Robert George Fowler (August 10, 1884 – June 15, 1966) was an early aviation pioneer and was the first person to make a west-to-east transcontinental flight in North America in stages.

==Biography==
He was born on August 10, 1884, in San Francisco, California. He married Leonore in 1913. She had been previously married.

=== Hearst prize ===
He left San Francisco, California, on September 11, 1911, in an attempt to win the $50,000 (approximately $ today) Hearst prize in a Wright biplane equipped with a Cole Motor Car Company engine.
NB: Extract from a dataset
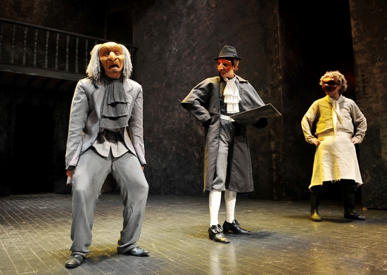 由法国导演Christophe Patty和中国导演王洋老师导演,开云足球首页官网下载表演系、舞美系09级本科班实习剧目《吝啬鬼》在6月15日下午15:00,6月15日到19日晚上19:30在上戏端钧剧场演出,场内反响热烈,笑声不断。这一喜剧改编自莫里哀的《吝啬鬼》,全剧始终演员都戴着面具,这些面具将人物的性格特点完美地呈现,而面具则是由法国“面具联合会”创始人之一的Etienne Champion设计制作。该剧的导演也是“面具联合会”的创始人之一。这个喜剧打破了舞台的局限,演区在观众席和舞台之间灵活转换,演员与观众充分互动,使得观众们也成了演员的一部分,而这一设计也使得观众有了充分的参与感,并且取得了很好的效果。(文:何雨婷 图:佳奇 编辑:榕树)
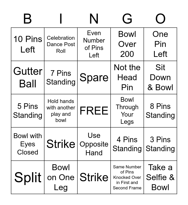 This bingo card has a free space and 25 words: Strike, Strike, Spare, Split, One Pin Left, 10 Pins Left, Gutter Ball, Celebration Dance Post Roll, Bowl Through Your Legs, Use Opposite Hand, Not the Head Pin, 5 Pins Standing, 4 Pins Standing, 3 Pins Standing, 7 Pins Standing, 6 Pins Standing, 8 Pins Standing, Even Number of Pins Left, Sit Down & Bowl, Hold hands with another play and bowl, Take a Selfie & Bowl, Bowl on One Leg, Bowl with Eyes Closed, Bowl Over 200 and Same Number of Pins Knocked Over in First and Second Frame.

After his first day he crashed in Alta, California. His cross-country flight was completed February 8, 1912, in Jacksonville, Florida, after the deadline, and the prize expired without a winner.

=== Panama Canal ===

After becoming the first person to traverse the United States from the West Coast to the East Coast, Fowler became the first person to make a nonstop transcontinental flight by traversing the Isthmus of Panama in an hour and thirty-five minutes on 27 April 1913. Flying from the Pacific to the Atlantic along the route of the Panama Canal construction in a single-engine hydroplane, his passenger and cameraman Ray Duhem filmed parts of the canal during the flight. The film when released was eventually called The Panama and the Canal from an Aeroplane.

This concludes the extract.